* _STORED DATA_
--------------------

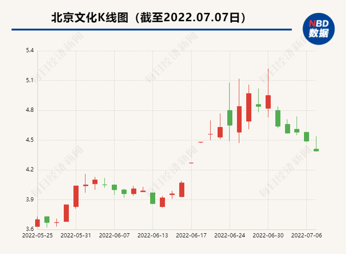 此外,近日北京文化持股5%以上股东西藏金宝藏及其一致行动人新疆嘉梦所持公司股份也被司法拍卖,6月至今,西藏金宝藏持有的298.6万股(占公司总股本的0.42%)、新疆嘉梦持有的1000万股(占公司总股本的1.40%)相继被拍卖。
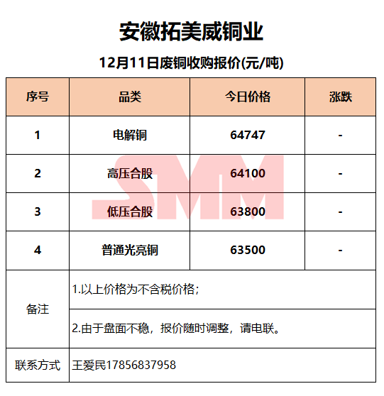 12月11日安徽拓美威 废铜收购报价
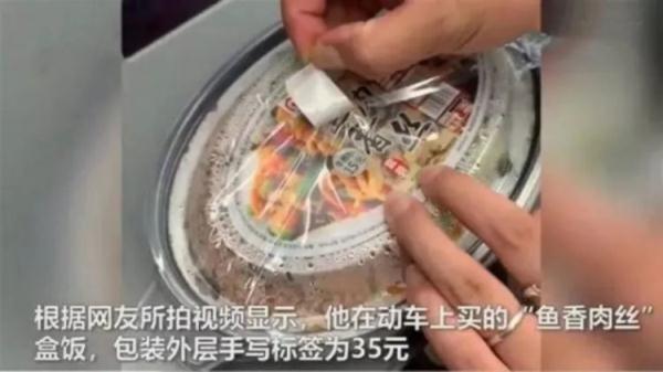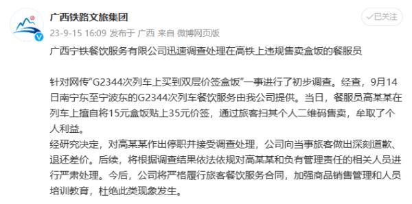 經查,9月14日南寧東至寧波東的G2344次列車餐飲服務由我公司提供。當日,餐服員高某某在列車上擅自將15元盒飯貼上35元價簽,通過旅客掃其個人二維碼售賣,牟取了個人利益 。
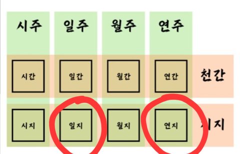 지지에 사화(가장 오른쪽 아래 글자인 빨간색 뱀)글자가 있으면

--------------------

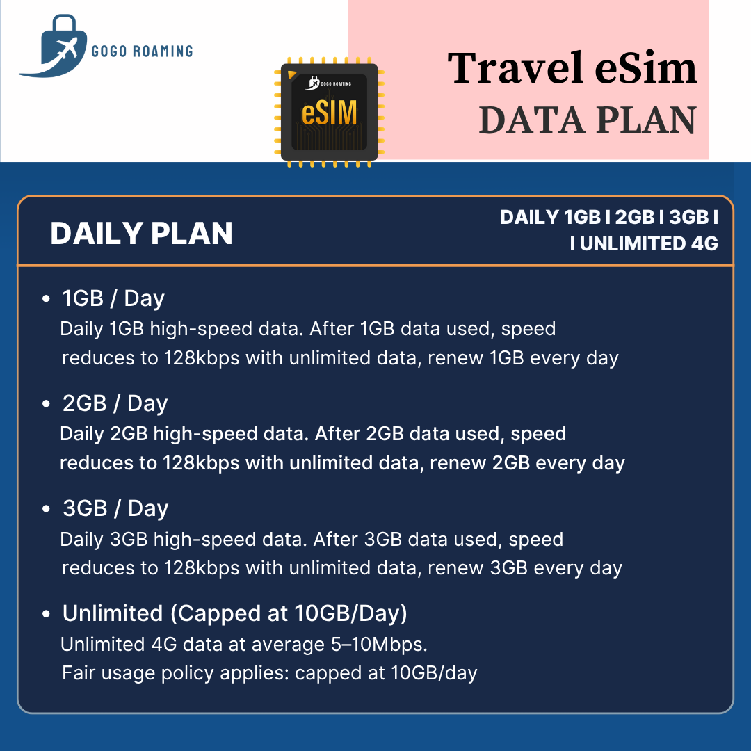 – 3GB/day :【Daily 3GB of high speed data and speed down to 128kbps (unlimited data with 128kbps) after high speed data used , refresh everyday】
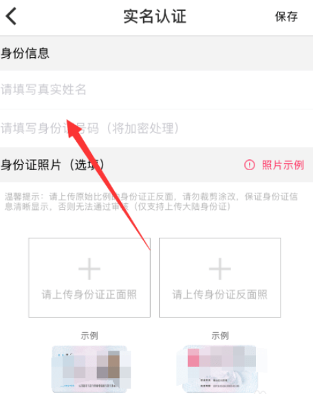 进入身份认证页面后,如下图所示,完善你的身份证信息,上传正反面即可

--------------------

* _WHAT IS BEING ASKED_
Set down word for word the lines above from the one with "此外,近日北京文化持股5%以" up to and including the one with "지지에 사화(가장 오른쪽 아래 글자인 빨간색 뱀)글자가 있으면". Omit every picture.

* _WRITTEN RESPONSE_
 此外,近日北京文化持股5%以上股东西藏金宝藏及其一致行动人新疆嘉梦所持公司股份也被司法拍卖,6月至今,西藏金宝藏持有的298.6万股(占公司总股本的0.42%)、新疆嘉梦持有的1000万股(占公司总股本的1.40%)相继被拍卖。
 12月11日安徽拓美威 废铜收购报价
 經查,9月14日南寧東至寧波東的G2344次列車餐飲服務由我公司提供。當日,餐服員高某某在列車上擅自將15元盒飯貼上35元價簽,通過旅客掃其個人二維碼售賣,牟取了個人利益 。
 지지에 사화(가장 오른쪽 아래 글자인 빨간색 뱀)글자가 있으면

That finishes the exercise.